▶ TASK BRIEF
Transcribe every entry word for word, but drop the pictures.

▶ DATASET EXTRACT
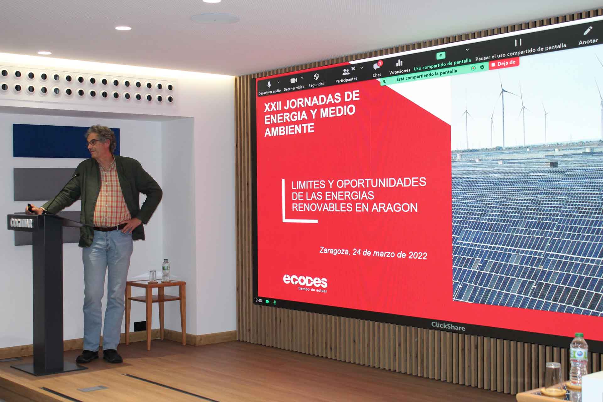 Mario Rodríguez, portavoz de ECODES en la sesión, endureció el tono del discurso ante el momento de “emergencia climática” que vive el planeta y reconoció que “nos vamos a tener que mover en la imperfección porque no hay tiempo para probar medidas y a esperar a ver si funcionan o no”. Rodríguez mostró su preocupación por el rechazo social que están cosechando los proyectos de instalación de renovables. “Corremos el peligro de que se conviertan en inmanejables, por lo que hay que tener inteligencia emocional para que algo con lo que nos estamos jugando el futuro tenga aceptación social”, opinó. En este sentido, apostó por hacer “labor pedagógica” para “atajar a tiempo estos fenómenos y que no se pierda el relato de algo que era bueno y ahora ya no lo es”, dijo en alusión a las recientes protestas en contra de la construcción de parques eólicos y fotovoltaicos en algunas zonas de Aragón. “Claro que hay que escuchar las razones de los demás y repensar algunas cosas, pero no podemos parar”, añadió.
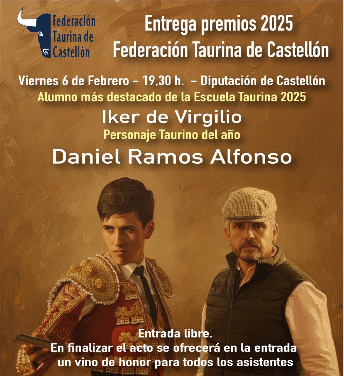 Esta tarde, a las siete y media, en la Diputación de Castellón, tendrá lugar la entrega de premios 2025 de la Federación Taurina de Castellón.
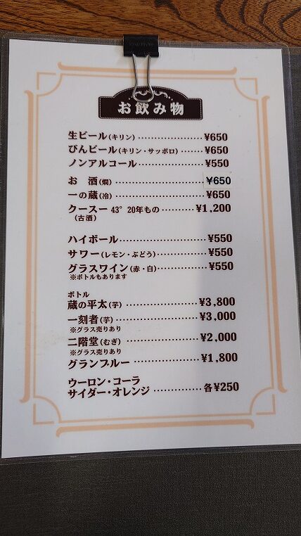 アルコールはあまりこだわりのないラインナップで標準的な価格。
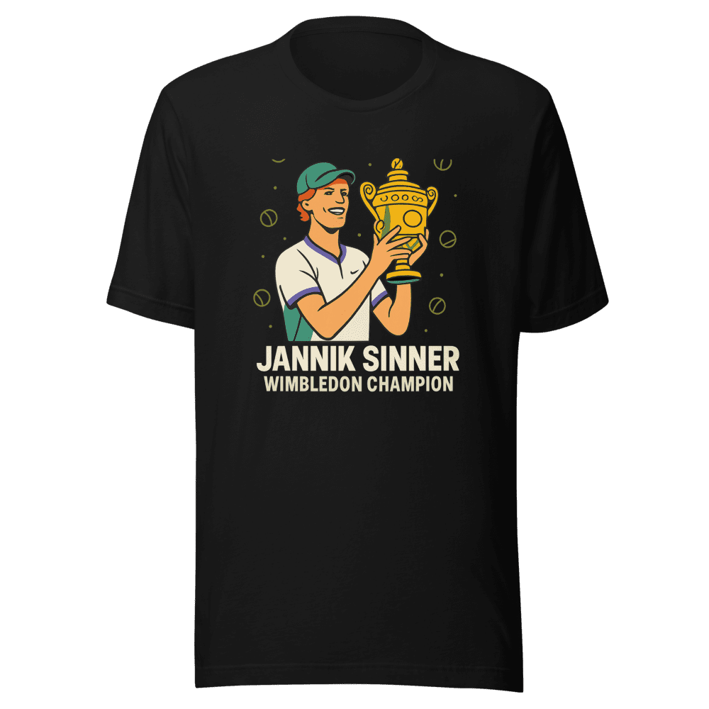 Score this limited-edition Jannik Sinner Wimbledon Champion T-Shirt before it sells out! This design celebrates Jannik Sinner’s incredible Wimbledon victory, inspired by Carlos Alcaraz’s viral tweet. Join the hype – everyone’s talking about it! Show your love for tennis and wear your support for a true champion. Made from comfortable, high-quality fabric, this tee is perfect for hitting the court, hanging out with friends, or cheering from the stands. It’s a must-have for any tennis fan. Get yours now and be part of the winning team! Available in sizes S, M, L, and XL. Easy care: normal wash instructions. Don’t miss out – grab this iconic tee today! This collector’s item is sure to become a favorite in your wardrobe. Order now and celebrate the spirit of Wimbledon!
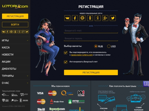 Играть в Lotoru.com можно в долларах США и российских рублях. Платежи принимаются многочисленными способами, в числе которых карты Visa и MasterCard, системы Moneta, Liqpay, Skrill и другие популярные методы. Многие из них можно использовать для снятия выигранных денег.
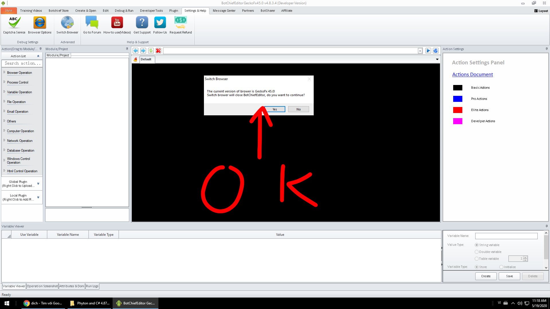 When I update to version 4.8.3.4 -> Botchief can run with Gexko FX.
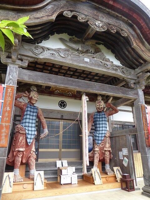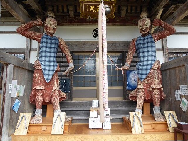 龍頭寺の仁王尊…『「町文」木製(寄木造)年代不詳(江戸中期)各尊身丈330像幅57センチ。龍頭寺は、今から1200年前に創建された松岳山観音寺が始まりで、その本尊が十一面観音だったことから、上寺(うわでら)集落には三十三観音の信仰に起因して、33の宿坊が作られたといわれ、その本寺であった龍頭寺には、本堂玄関に木彫で高さ3.3mの阿吽一対の仁王尊が立っており、昔から子供の麻疹(はしか)が軽く済むようにと、阿形は左回りに吽形は右回りに、それぞれ前方から中央に向かい、股くぐりを3回して子供の成長を願う風習がある。奈良時代の初めに、中国の文化と共に仏教を取り入れた日本人は、それまでの神の信仰を守るため、神仏習合という考えを打ち立てて、仏と神を分け隔てなく信仰したことから、鳥海山は薬師如来が大物忌神として仮の姿になって現れ、人々を救うのだとしたため、鳥海山およびその神を祀る大物忌神社は、別当職を務める龍頭寺が長い間にわたり、管理と運営に当たっていたが、明治初年の寺と神社を分けなさいとした新政府の神仏分離の発令が、地方を中心にいつしか寺を無くして神社を建てろとする、廃仏毀釈の考えに内容が変わってしまう。そのため、神社と繋がりを持つ多くの寺院は、廃寺や規模の縮小を余儀なくされ、上寺の全ての家は集落を守るために、強制的に神道に宗旨を変え龍頭寺から離れたが、上寺集落の人々は千年以上の長い歴史を持つ龍頭寺を無くす訳にいかないと考え、幕末に龍頭寺の本堂として再建した堂宇の学頭坊敷地のみを龍頭寺の境内とし、それまで龍頭寺が管理していた土地や建物は大物忌神社に移管した。こうした廃仏毀釈の複雑な様子について逸話では、「明治という新しい時代になり、寺と神社を分けなさいという話を聞いた上寺の仁王さまたちは、自分たちの居場所がついに無くなったことに気づき、或る夜ついに今まで自分たちが居た仁王門から抜け出て、これからの自分たちの居場所を探すため、幾日も幾日も上寺の部落中を彷徨ったそうだ。そうした或る夜、仁王さまたちはとうとう疲れ果ててしまい、道端に腰を下ろしウタタ寝をしてしまったが、しばらくすると朝日が昇り急に辺りが明るくなったのに気付き、驚いた仁王さまたちは我に返り立ち上がって見回すと、そこは良く見慣れた龍頭寺の本堂玄関だったので、それからは向かって右側に阿形と左側に吽形の仁王さま二人が、ずっとここで仏さまとお寺を守っているのだ」という。つまり龍頭寺の仁王尊は、初めから寺の本堂玄関に祀られていた訳でなく、神仏分離により明治6年(1873)に仁王門(現随神門)より移された尊像で、その際に天衣などの装飾類は失われてしまったが、一般に金剛力士とか仁王様と呼ばれるように、筋骨隆々な姿をし半裸で身構える憤怒武者風の型像が多いが、龍頭寺の仁王尊は細身にして腰をひねらず直立し、どことなく笑みを浮かべるユーモラスな姿をしており、独特な雰囲気を持つ数少ない尊像の一つである。また仁王尊は、金剛杵を持つことから執金剛神とも称され、仏法や諸尊を守護する夜叉神で、諸経典には釈尊の周囲に常に侍して金剛杵をとると説かれ、元来は単尊で釈尊の警護に当ったが、やがて仏尊および聖域を守護するため阿吽一対に分化し、始まりと終わりの時間を超越して表しており、さらに仁王尊の多くが朱色なのは、中国では古来より朱や赤などの色には、魔除けや病魔を払う力があるとされ、仏教伝来と共に日本でもその風習が受け入れられ、この色が諸々な災いを避ける意味合いを込め神社仏閣で多く用いられ、龍頭寺の仁王尊も全身を朱色に塗彩してある。』
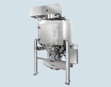 原料受入・供給工程原料袋の供給、開袋、空袋処理をワンユニット化したシステムの試験を行います。

▶ ANSWER SPACE
 Mario Rodríguez, portavoz de ECODES en la sesión, endureció el tono del discurso ante el momento de “emergencia climática” que vive el planeta y reconoció que “nos vamos a tener que mover en la imperfección porque no hay tiempo para probar medidas y a esperar a ver si funcionan o no”. Rodríguez mostró su preocupación por el rechazo social que están cosechando los proyectos de instalación de renovables. “Corremos el peligro de que se conviertan en inmanejables, por lo que hay que tener inteligencia emocional para que algo con lo que nos estamos jugando el futuro tenga aceptación social”, opinó. En este sentido, apostó por hacer “labor pedagógica” para “atajar a tiempo estos fenómenos y que no se pierda el relato de algo que era bueno y ahora ya no lo es”, dijo en alusión a las recientes protestas en contra de la construcción de parques eólicos y fotovoltaicos en algunas zonas de Aragón. “Claro que hay que escuchar las razones de los demás y repensar algunas cosas, pero no podemos parar”, añadió.
 Esta tarde, a las siete y media, en la Diputación de Castellón, tendrá lugar la entrega de premios 2025 de la Federación Taurina de Castellón.
 アルコールはあまりこだわりのないラインナップで標準的な価格。
 Score this limited-edition Jannik Sinner Wimbledon Champion T-Shirt before it sells out! This design celebrates Jannik Sinner’s incredible Wimbledon victory, inspired by Carlos Alcaraz’s viral tweet. Join the hype – everyone’s talking about it! Show your love for tennis and wear your support for a true champion. Made from comfortable, high-quality fabric, this tee is perfect for hitting the court, hanging out with friends, or cheering from the stands. It’s a must-have for any tennis fan. Get yours now and be part of the winning team! Available in sizes S, M, L, and XL. Easy care: normal wash instructions. Don’t miss out – grab this iconic tee today! This collector’s item is sure to become a favorite in your wardrobe. Order now and celebrate the spirit of Wimbledon!
 Играть в Lotoru.com можно в долларах США и российских рублях. Платежи принимаются многочисленными способами, в числе которых карты Visa и MasterCard, системы Moneta, Liqpay, Skrill и другие популярные методы. Многие из них можно использовать для снятия выигранных денег.
 When I update to version 4.8.3.4 -> Botchief can run with Gexko FX.
 龍頭寺の仁王尊…『「町文」木製(寄木造)年代不詳(江戸中期)各尊身丈330像幅57センチ。龍頭寺は、今から1200年前に創建された松岳山観音寺が始まりで、その本尊が十一面観音だったことから、上寺(うわでら)集落には三十三観音の信仰に起因して、33の宿坊が作られたといわれ、その本寺であった龍頭寺には、本堂玄関に木彫で高さ3.3mの阿吽一対の仁王尊が立っており、昔から子供の麻疹(はしか)が軽く済むようにと、阿形は左回りに吽形は右回りに、それぞれ前方から中央に向かい、股くぐりを3回して子供の成長を願う風習がある。奈良時代の初めに、中国の文化と共に仏教を取り入れた日本人は、それまでの神の信仰を守るため、神仏習合という考えを打ち立てて、仏と神を分け隔てなく信仰したことから、鳥海山は薬師如来が大物忌神として仮の姿になって現れ、人々を救うのだとしたため、鳥海山およびその神を祀る大物忌神社は、別当職を務める龍頭寺が長い間にわたり、管理と運営に当たっていたが、明治初年の寺と神社を分けなさいとした新政府の神仏分離の発令が、地方を中心にいつしか寺を無くして神社を建てろとする、廃仏毀釈の考えに内容が変わってしまう。そのため、神社と繋がりを持つ多くの寺院は、廃寺や規模の縮小を余儀なくされ、上寺の全ての家は集落を守るために、強制的に神道に宗旨を変え龍頭寺から離れたが、上寺集落の人々は千年以上の長い歴史を持つ龍頭寺を無くす訳にいかないと考え、幕末に龍頭寺の本堂として再建した堂宇の学頭坊敷地のみを龍頭寺の境内とし、それまで龍頭寺が管理していた土地や建物は大物忌神社に移管した。こうした廃仏毀釈の複雑な様子について逸話では、「明治という新しい時代になり、寺と神社を分けなさいという話を聞いた上寺の仁王さまたちは、自分たちの居場所がついに無くなったことに気づき、或る夜ついに今まで自分たちが居た仁王門から抜け出て、これからの自分たちの居場所を探すため、幾日も幾日も上寺の部落中を彷徨ったそうだ。そうした或る夜、仁王さまたちはとうとう疲れ果ててしまい、道端に腰を下ろしウタタ寝をしてしまったが、しばらくすると朝日が昇り急に辺りが明るくなったのに気付き、驚いた仁王さまたちは我に返り立ち上がって見回すと、そこは良く見慣れた龍頭寺の本堂玄関だったので、それからは向かって右側に阿形と左側に吽形の仁王さま二人が、ずっとここで仏さまとお寺を守っているのだ」という。つまり龍頭寺の仁王尊は、初めから寺の本堂玄関に祀られていた訳でなく、神仏分離により明治6年(1873)に仁王門(現随神門)より移された尊像で、その際に天衣などの装飾類は失われてしまったが、一般に金剛力士とか仁王様と呼ばれるように、筋骨隆々な姿をし半裸で身構える憤怒武者風の型像が多いが、龍頭寺の仁王尊は細身にして腰をひねらず直立し、どことなく笑みを浮かべるユーモラスな姿をしており、独特な雰囲気を持つ数少ない尊像の一つである。また仁王尊は、金剛杵を持つことから執金剛神とも称され、仏法や諸尊を守護する夜叉神で、諸経典には釈尊の周囲に常に侍して金剛杵をとると説かれ、元来は単尊で釈尊の警護に当ったが、やがて仏尊および聖域を守護するため阿吽一対に分化し、始まりと終わりの時間を超越して表しており、さらに仁王尊の多くが朱色なのは、中国では古来より朱や赤などの色には、魔除けや病魔を払う力があるとされ、仏教伝来と共に日本でもその風習が受け入れられ、この色が諸々な災いを避ける意味合いを込め神社仏閣で多く用いられ、龍頭寺の仁王尊も全身を朱色に塗彩してある。』
 原料受入・供給工程原料袋の供給、開袋、空袋処理をワンユニット化したシステムの試験を行います。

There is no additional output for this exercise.